Azyumardi Azra
Mengambil aturan ke tangan mereka (taking into their hands) , ”gerombolan” tersebut menewaskan empat orang asal Nusa Tenggara Timur , tahanan titipan Polisi Republik Indonesia yang merupakan tersangka pengeroyokan yang menewaskan anggota Kopassus Tentara Nasional Indonesia AD , Sertu Santoso , Selasa (19/3) , di sebuah bar di Sleman.

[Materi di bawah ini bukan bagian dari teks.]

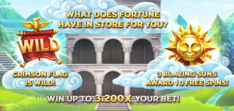 The design of this slot machine is reminiscent of Ancient Rome. Even though we don’t see her, Fortuna, the goddess of chance in the Roman pantheon, is the focus inside.The image is a view of an ancient temple with crumbling pillars and walls, as well as statues of green rolling hills, forests, and mountains. The game area’s three levels will catch the eye immediately, with symbols passing between the marble columns.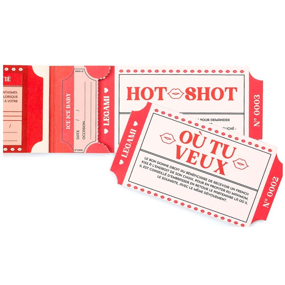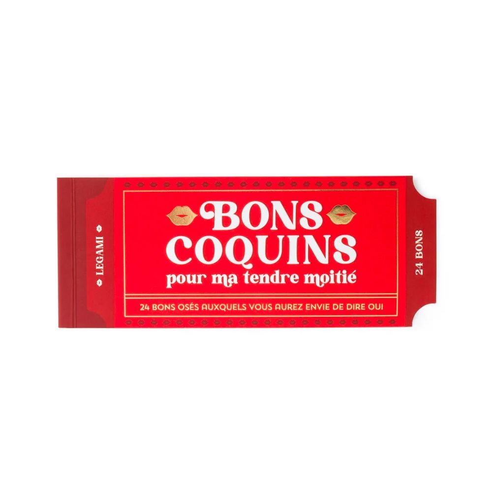 Le Carnet de 24 Bons Coquins de Legami est l’idée sexy, sans jamais être vulgaire, à offrir à son ou sa partenaire. Un éventail de situations variées dédiées aux couples qui ont envie de briser la routine ou qui recherchent des idées originales et inattendues. Il suffit de choisir un bon, de le détacher en suivant la ligne de perforation et de le donner à son ou sa partenaire. Prêts à vous lancer ?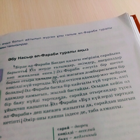 Однажды Аль-Фараби посетил дворец господина города Багдад.Там собралось много ученных,талантливых людей.Аль-Фараби сел в угол и исполнил веселый куй.Услышавшие куй люди,были в восторге.Когда Аль-Фараби исполнил грустный куй,те были тоже грустными и плакали.А когда он начал исполнять медленный куй,все уснули.Аль-Фараби написал на бумаге "Эти куи исполнил Аль-Фараби" и ушёл.Господин долго искал его,но не нашёл.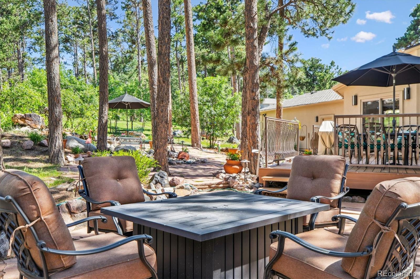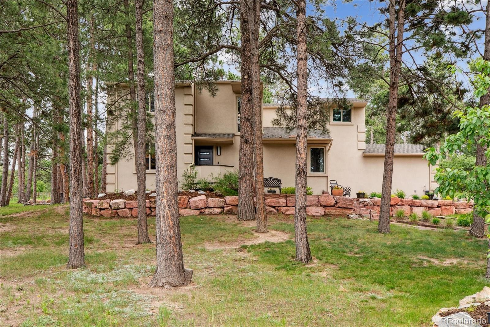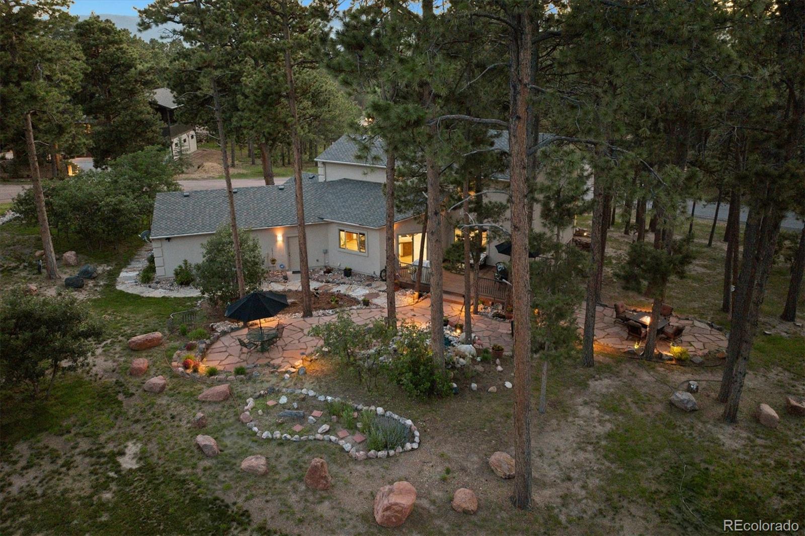 Spectacular Monument Retreat! Nestled on a private, wooded cul-de-sac lot in highly sought-after Woodmoor, this exceptional property offers a rare blend of serene forest surroundings and sun-splashed green meadows, creating a truly park-like setting. Step inside to discover a warm, inviting floor plan highlighted by refinished solid oak flooring, plush new carpet, & high-quality upgrades throughout. The spacious yet private main-floor office provides the perfect setting for working from home or unwinding with morning coffee and a favorite book. The home flows seamlessly into a generous Family Room and a beautifully appointed gourmet kitchen featuring granite countertops, a double oven, gas cooktop, premium Wolf stainless appliances, an expansive center island with seating, a sunlit breakfast nook, a large walk-in pantry, and an elegant formal dining room. A granite wet bar with wine cooler adds a refined touch to the main level. Embrace peaceful Colorado living as you step outside! A stunning rock waterfall and pond create a tranquil backdrop for wildlife watching, while the Trex deck with wrought-iron railings and wraparound flagstone patio offers perfect space for entertaining. Upstairs, the primary suite showcases a newly renovated five-piece bath adorned with marble finishes, a custom oversized shower, stylish dual vanities, a deep soaking tub, and expanded custom walk-in closets. The spacious secondary bedroom features its own walk-in closet and access to a beautifully updated three-quarter bath.The garden-level basement expands your living space with a large game room, flexible bedroom, an impressive granite sports bar, additional three-quarter bath! Additional highlights include a spacious 4 car Garage, newer roof and Milgard Windows! Ideally located just half a mile from The Country Club at Woodmoor, w/18-hole golf course, tennis/pickleball, fitness center, pools, and dining. Close to Tri-Lakes, shopping, parks, trails, downtown Monument, & I-25 and Hwy 83.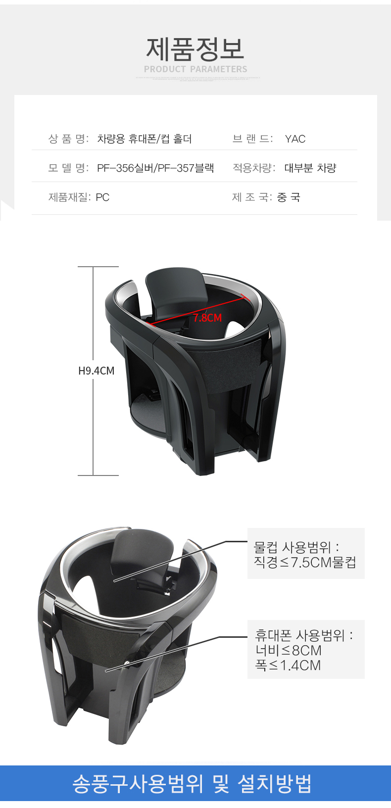 YAC-휴대폰/컵 동시거치 컵홀더 PF356/PF357 이미지/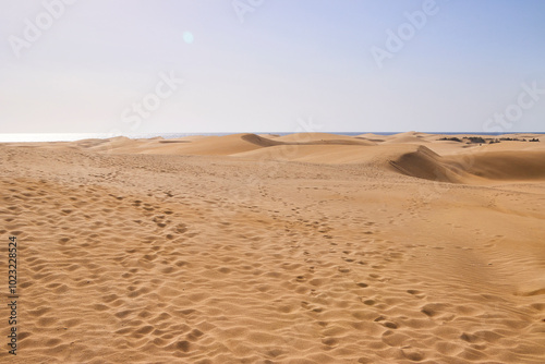spain, europa, island, dune, sand, wilderness, heaven, countryside, feel, soft, footprint, nature, sun, travel, tour tourism, atlantic, gran canaria, yellow, dry, hill, blue, horizon, sea, water, coast, natural, gold, beach, ocean, summer, view, scenic, sandy, light, beauty, grain, sunlight, assured, wave, wilderness, dryness, thirst, blank, vacation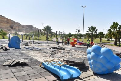 وتضمنت الأعمال تجهيز أرضيات مطاطية بمساحة إجمالية بلغت 2896 مترًا مربعًا في نطاق مواقع الألعاب، لضمان حماية الأطفال أثناء اللعب، بالإضافة إلى استبدال الألعاب القديمة أو غير الآمنة بأخرى حديثة، ما يعزز جانب السلامة في الحدائق العامة.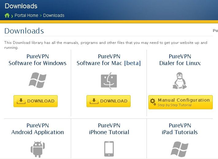 PureVPNでは簡単に操作できるようにクライアントが用意されています。オフィシャルサイトの”Download”をクリック。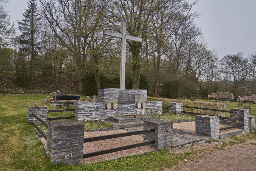 Inschrift: "Unseren Toten der ostdeutschen Heimat", vier Wappen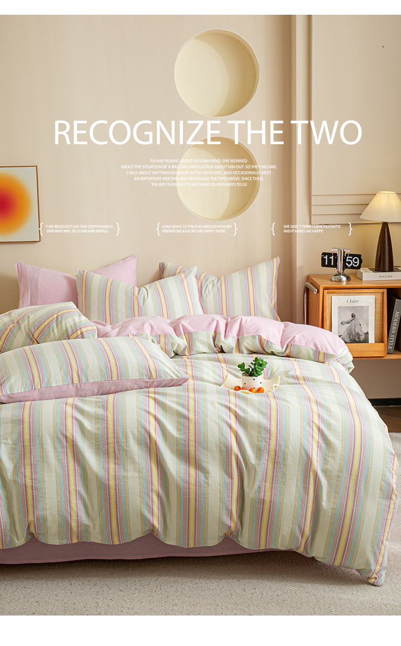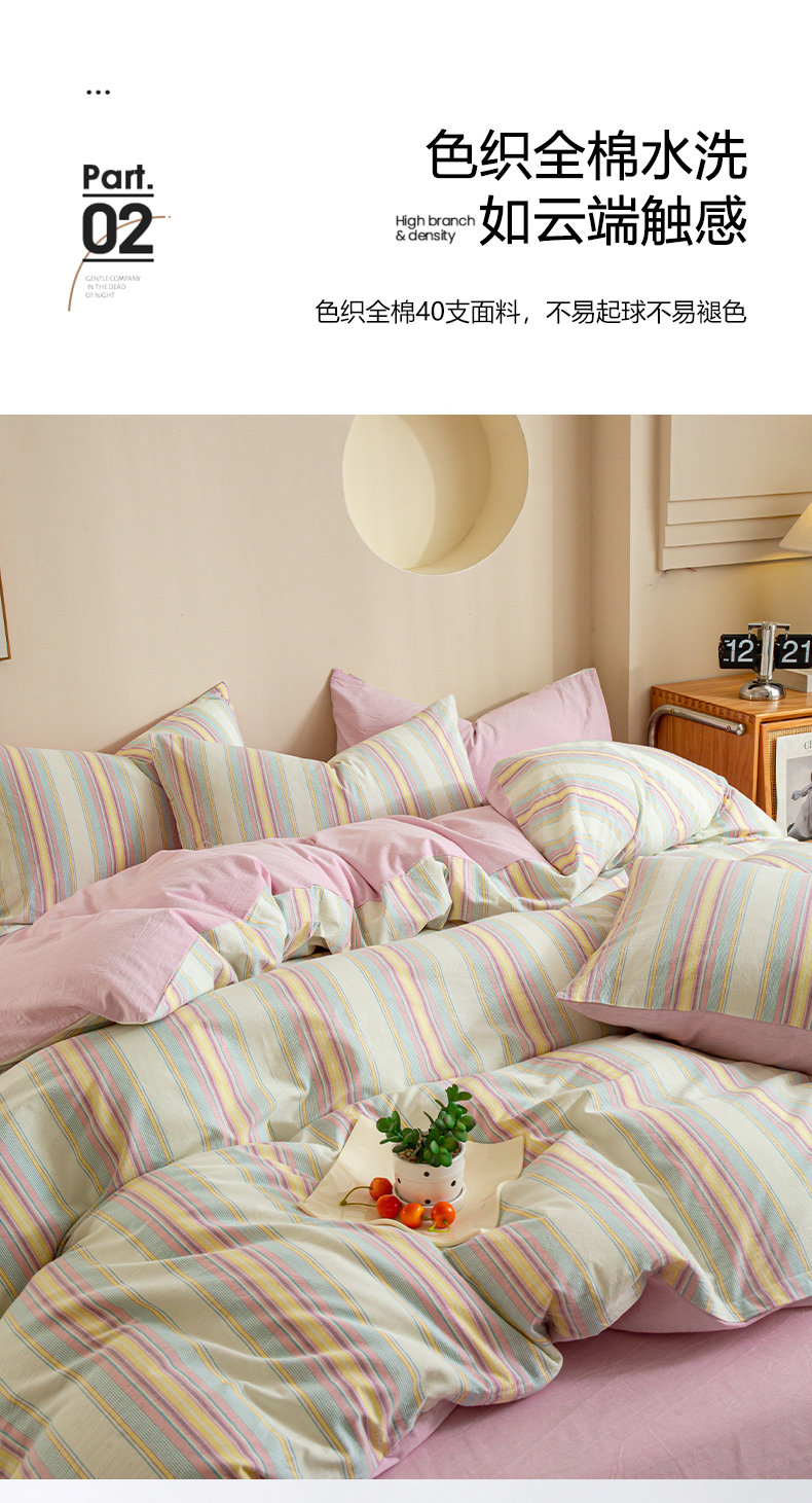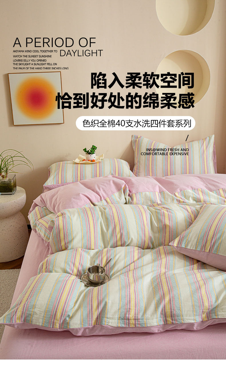 商品名称:优米家纺 2025新款色织全棉纯棉40支水洗四件套系列-单床单 锦素粉

Sebelumnya , Kamis (7/3) , masih segar dalam ingatan , sejumlah oknum Tentara Nasional Indonesia AD Armed 76/15 Martapura menyerbu kompleks Markas Polres Ogan Komering Ulu (OKU). Serbuan ini meluluhlantakkan sebagian bangunan beserta peralatan kantor dan arsip , puluhan motor dan kendaraan beroda empat , serta menewaskan satu orang sipil. Aksi ini yakni buntut dari tewasnya anggota Tentara Nasional Indonesia AD dari satuan tersebut , Pratu Heru , oleh Brigadir Wijaya , anggota Satlantas Polisi Republik Indonesia , Minggu (27/1). Tak sabar menunggu proses aturan yang sedang dilakukan polda di Palembang , kumpulan anggota Tentara Nasional Indonesia AD tersebut menjalankan aturan rimba.
Lampu Merah
Hukum rimba terang kian merajalela di banyak sekali pelosok negeri ini sehingga sanggup dikatakan sudah mencapai tingkat ”lampu merah”. Meruyaknya aturan rimba telah menjangkiti banyak sekali lapisan masyarakat , mulai dari perkampungan hingga sentra keramaian , menyerupai terminal bus atau pasar. Celakanya , aturan rimba juga mewabahi kalangan penegak aturan dan pemelihara keamanan yang memiliki senjata api yang sanggup dipakai kapan saja.
Wabah main hakim sendiri terlihat terang seiring dengan merosotnya kewibawaan negara dan penegak aturan pasca-pemerintahan Soeharto , khususnya beberapa tahun terakhir. Sangat banyak perkara aturan rimba yang dipertontonkan oleh ”massa tidak dikenal” (anonymous mass) terhadap orang yang dicurigai sebagai pencopet di terminal atau pencuri di perkampungan dan kompleks perumahan. Massa mengamuk , menggebuki atau memperabukan orang-orang yang tercurigai hingga mati. Hukum rimba juga terlihat di jalan raya dikala bus kota dan kendaraan pribadi melindas pengguna jalan lain. Massa anonim dengan segera merusak dan memperabukan kendaraan tersebut di bawah tatapan petugas Polisi Republik Indonesia yang seolah tidak berdaya apa-apa.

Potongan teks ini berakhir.